Please don't stay with someone just because your afraid of being "alone". He is a human being just like you that does not want to be a plan b or used. It really does sound like you love him, but are concerned for his health, which is completely understandable. Your issues are completely valid too.

Also work on yourself and your own self esteem. I'm sure if this relationship didn't work out, you'd find another in the future. Anyway, you don't need a man to make you happy, you are responsible for your own happiness.

I wish you the best of luck!


----------



## PBear (Nov 16, 2010)

Perhaps you could start with some relationship counselling. See if you can resolve the issues before making any final decisions.

Personally, I think you'd be foolish to marry him the way things are now. His negative qualities seem like they will continue to get worse over time. So tieing yourself closer to him with marriage and children would just make things more difficult to get out of, and you'd just waste more of both of your lives in the end.

C


----------



## Openminded (Feb 21, 2013)

Counseling may help you make a decision as to what's the best course for your life. Right now, I wouldn't think marrying him is the answer. Especially if you want to have children. If you think life is complicated now, it pales in comparison to what it will be like with children in the mix.


----------



## Wiserforit (Dec 27, 2012)

broomgirl said:


> 3. This third reason is a selfish one. I’m not proud of it. But here goes. I’m scared that if I leave him, I’ll never find anyone else. I’m 32 years old, and would love to have children one day. I’m scared that I’m passing up my only chance for marriage and a family. I haven’t had much success with men in the past. I’ve always been plain-looking and shy (although I keep fit, and I’ve worked hard as an adult to overcome the shyness).


The older you get the worse this is going to be. The Male/Female ratio drops and males who are successful in life can date women who are much younger than they are. 

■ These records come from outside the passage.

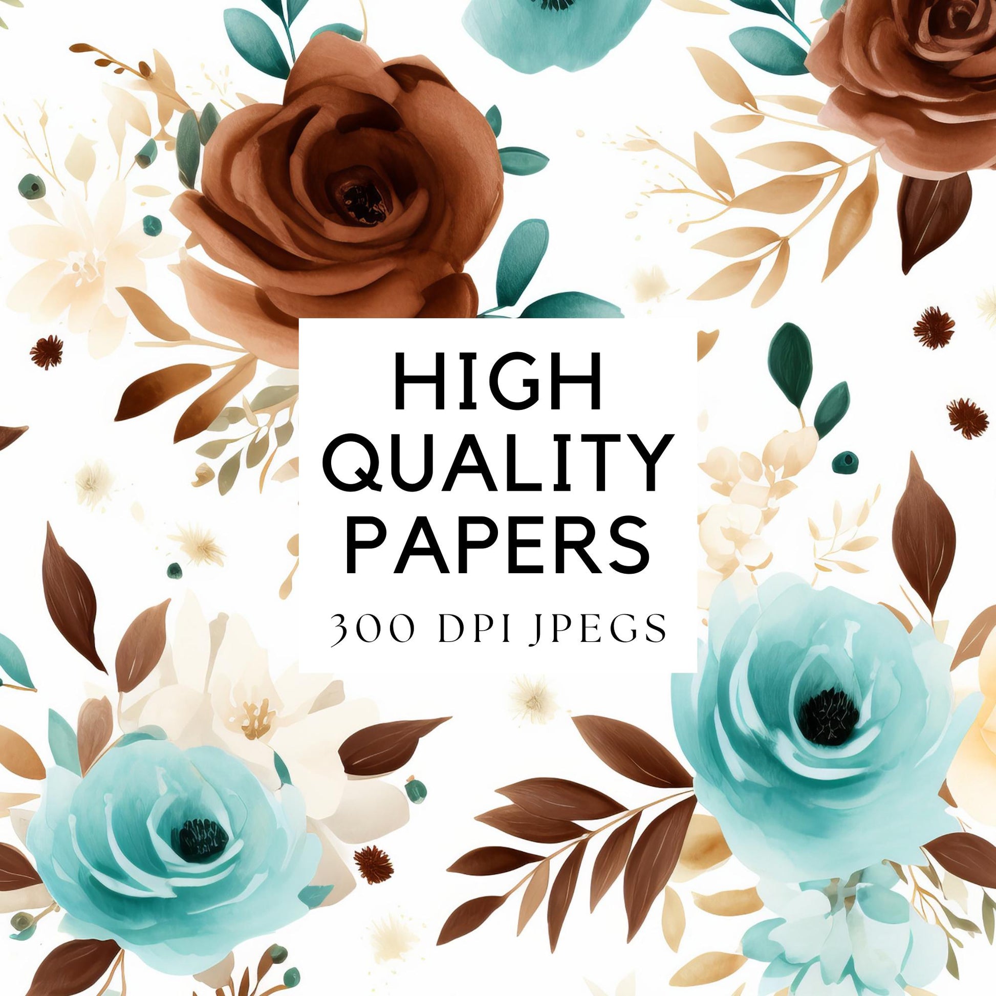 Papeles digitales florales en tonos verde azulado y marrón chocolate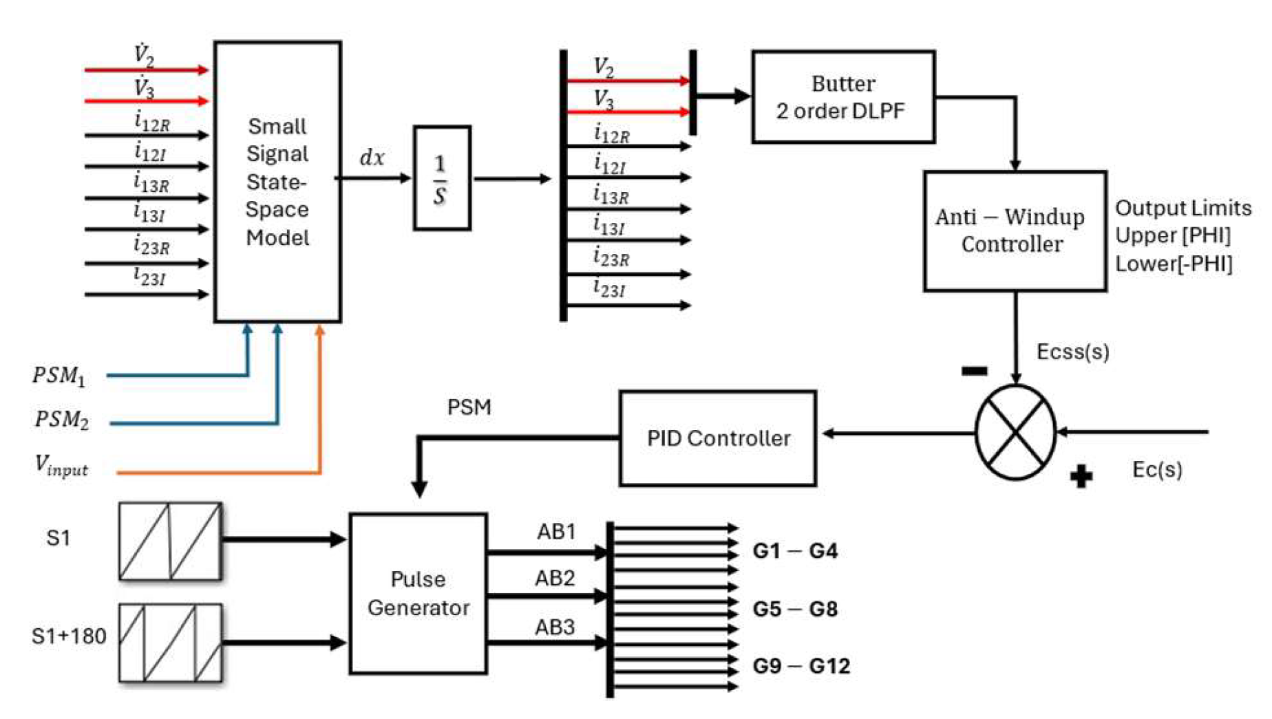 Figure 5 shows the simulation block diagram, including the small-signal state-space model, PID-based controller, and pulse-generation stage. This diagram clarifies the structure of the simulated environment, addressing the reviewer’s request for a more explicit description of the simulation setup.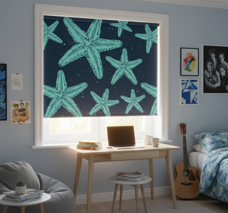Rollo fenster jugendzimmer seestern blautöne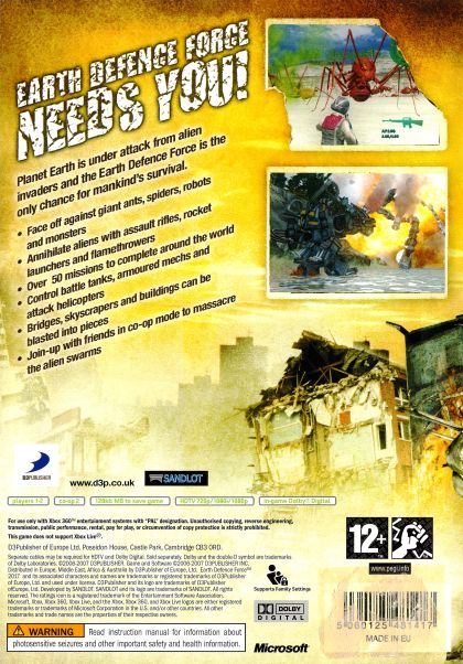 The arcade-style third-person shooter equips players with an arsenal of weapons, vehicles and loyal team mates in order to defeat a wide variety of attackers ranging from giant ants and spiders to robots and monsters standing more than 20 stories tall. Players have more than 150 weapon variations to choose from including assault rifles, rocket launches and flamethrowers and the support of AI-controlled Earth Defence Force team mates who will battle beside them throughout the game—players can also join forces in co-op mode and battle together.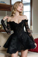 This long sleeve black homecoming dress boasts a stylish off-shoulder design and elegant beading. making it unique and perfect for any formal occasion. Stay stylish and comfortable all night long with this corset homecoming dress.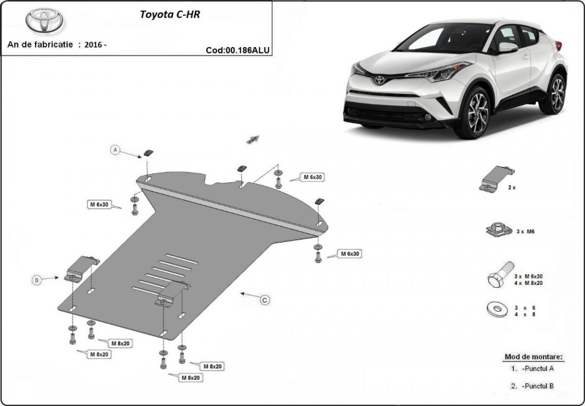 The sump guard is new and fits perfectly for all versions of Toyota C-HR manufactured between 2016 and 2023. Sump guard for the protection of the: Catalytic converter Made out of 3 mm thick Aluminium plate. The shields are made of aluminum, but the mounting brackets are made of steel. Screws, nuts, clips, all fastening accessories are included. All sump guards are powder coated to prevent corrosion. The exterior of the sump guard is provided with Aluminium reinforcements, which increases the resistance to impact. |

A plain-looking woman with a hot body, long hair, and bubbly personality is still going to do well on the dating scene at your age. Add fat, a military style haircut, and nasty attitude ... and say goodbye to men. 

You can work on those things at the same time you lay down the ultimatum with him and work through counseling. If this doesn't jar him out of it - then it is not going to happen.


----------



## weightlifter (Dec 14, 2012)

The not finding another guy part is unlikely. Match dating site would likely result in all the dates you can handle unless you weigh 300 lbs.

The alcohol is an issue.

Sex 12x a year is not normal.


----------



## john_lord_b3 (Jan 11, 2013)

Mrs. Broomgirl,

If your boyfriend lose weight, will you be more attracted to him & more likely to marry him?

This year I am able to reduce my weight from 96 kilograms to 89 kilograms, without starvation dieting.. just by adjusting my eating habits. So, losing weight is possible without too much pain. Maybe you could persuade your boyfriend to lose weight by exercising a bit? even simple exercises like walking around the neighborhood daily will do wonders, when combined with proper eating habits.


----------



## Viseral (Feb 25, 2011)

Make your BF read the Married Man Sex Life Primer 2011. This book is gold for men. It's your BF's responsibility to maintain his physical attractiveness so that you will be attracted to him. 

This is on him. He's turned into a lazy fat body and you're enabling his behavior by continuing to stay with him. Make him realize there are consequences to him being a couch potato, and that is you're no longer physically attracted to him.

If he gets the hint and improves himself, then re-consider moving forward in the relationship.


----------



## thatbpguy (Dec 24, 2012)

Emerald said:


> You need to talk to your boyfriend. I'm guessing he is very sensitive to contrastive criticism which is why you are here. You don't want to upset him with your true feelings.
> 
> I get that.
> 
> I think if he could make some changes, you would be more attracted to him as a man, not simply a friend. If he truly loves you & wants you to be happy, he may be willing to make some changes.


Great advice.

See if the the two of you can reach an adequate compromise. If not, at 32 I know you'll find someone else.


----------



## firefly789 (Apr 9, 2013)

broomgirl said:


> He is very *faithful *and committed to our relationship – I know he would *never, ever, cheat* or abandon me. He is also intelligent, and holds down a decent job. He’s also a gentle guy. He likes children and animals (and they seem to like him too). In addition, we share many interests (ie we like the same *music, movies, TV shows*, etc).
> 
> So what’s the problem, I hear you ask? Snap him up. Marry him!
> 
> ...


First, you can't marry someone just to know that you are making them happy. Also, just because you've dated five years does not make you honour-bound to marry. Don't feel guilted into marrying someone. That is a bad way to start a marriage.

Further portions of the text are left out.